Depuis 1960, le Burkina Faso fait face à de nombreux défis qui entament son développement. L’insécurité complique la situation déjà difficile et à cela s’ajoute le recul de la démocratie. Face à ce sombre constat, l’écrivain Gbato Doré interroge la responsabilité de l’élite intellectuelle, dans son œuvre intitulée « Trahison et faillite de l’élite intellectuelle burkinabè ». Pour lui, la société est un tout et chacun doit jouer sa partition. Et pour ce qui est de l’élite intellectuelle, y compris de la classe politique l’auteur est clair et ne tergiverse pas : "elle a failli à sa mission."

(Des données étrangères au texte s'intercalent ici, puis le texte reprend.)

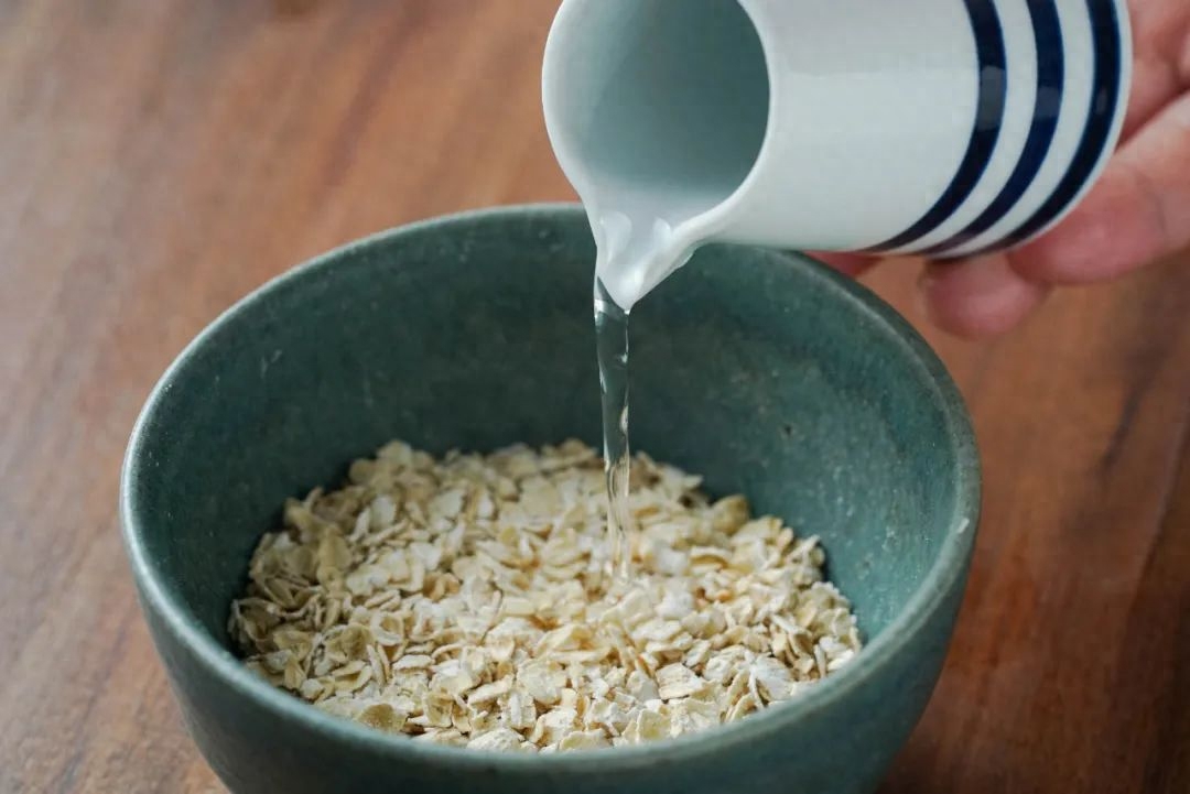 ①将3勺燕麦放入碗中,加适量热水冲泡15分钟,备用。

Lefaso.net : Face à un contexte socio-politique difficile, couplée à la question sécuritaire qui fissurent les fondements du vivre-ensemble, en quoi écrire pour vous pourrait changer les choses

Gbato Doré : La situation actuelle du Burkina Faso est difficile. Nous sommes plongés dans une crise militaro-socio-politique qui visiblement n’est pas prête de s’arrêter. Nous sommes à ce jour à neuf coups d’Etat et il serait trop de dire que c’est un symbole de grand malaise. Et quand il y a un malaise de ce genre, il sied de s’interroger sur les causes profondes et chercher des solutions.

C’est dans le cadre de cette réflexion générale, que j’ai décidé de passer par l’écriture, qui constitue aussi un canal d’information pour présenter mon œuvre qui, en réalité, est une collection de dix tomes. Et c’est le volume 1 consacré au Burkina Faso qui s’intitule « Trahison et faillite de l’élite intellectuelle burkinabè », y compris de la classe politique. Le premier Tome vient d’être publié et le titre est "Cabale ou faux procès contre les partis politiques."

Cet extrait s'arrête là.